Friday, March 6, 2009


Okay, all bread bakers. Farina, Cream of Wheat or what ever you are calling it in your household is really a coarse version of Semolina. So, for some reason (which I am truly thankful of course) the ladies from church "bless" me with bags of "farina". My family doesn't really appreciate hot mushy cereal in the morning. They do love

Crusty Breads

So, when baking my fresh breads I substitute 1 cup "farina" or "semolina" (which btw, I usually spend a fortune on in specialty flour bins) in with the flours. I also use it for dusting the stones or pans when baking... especially good for pizza!

Tonight is Friday Night Pizza and Movie night. I am using this recipe for my pizza dough, doubled and two cups of "semolina" in the mix.

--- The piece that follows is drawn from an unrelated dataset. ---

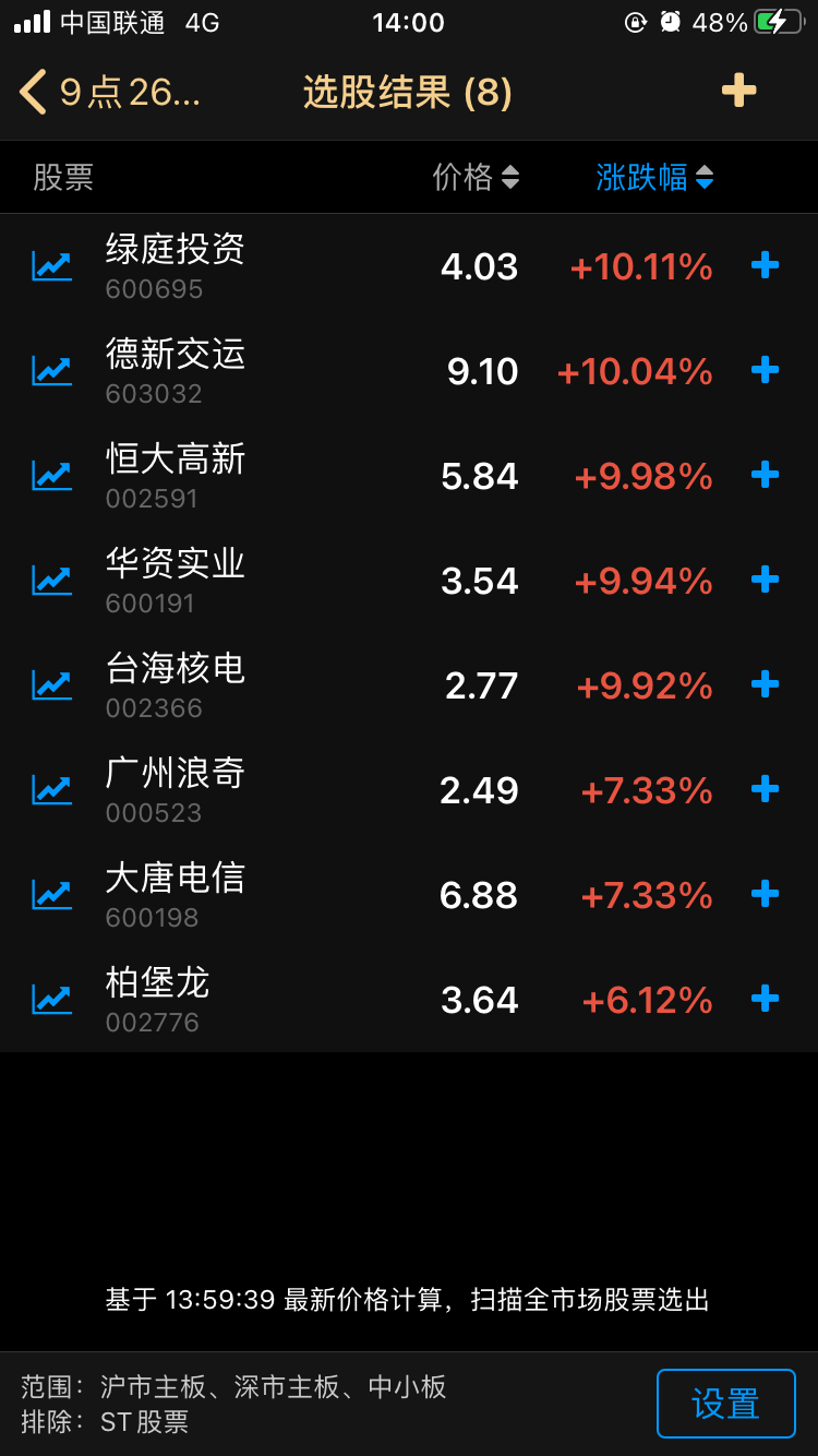9点26选股V2.0 关注公众号“ 肥尾量化平台 ”,公式 一键选股 早上9点26选股,根据热点板块和公司业绩选择性买入,当天涨停,第二天可卖出。选股后可以点击右下角的设置,板块选择只选择沪市主板和深市主板。欢迎试用提建议。股市有风险,投资需谨慎。

Five Little Monkeys said...

Yum! We'll have to try this. Sarah made my great-aunt Helen's wheat bread last week, but this looks even easier!

How did Danielle's audition go?

Blessings to you all!

Karen said...

I did not know that farina=semolina.

I always learn cool stuff from you! Thanks!

Nicky said...

Hi, thanks for this helpful post! For the first time I attempted to make some brioche last week-end but it was a bit of a failure. I'd like to make bread as well so ill try this next time. My hubby who is a vicar makes beautiful bread but he is too busy at the moment.
Have a blessed week. Nicky

S_Mitchem said...

I've never seen this before. I am looking forward to trying it. When you use it for pizza crust, do you pre-bake your crust? Don't laugh! I am a newbie at bakery! haha!

S_Mitchem said...

I've not seen this before. I can't wait to try it!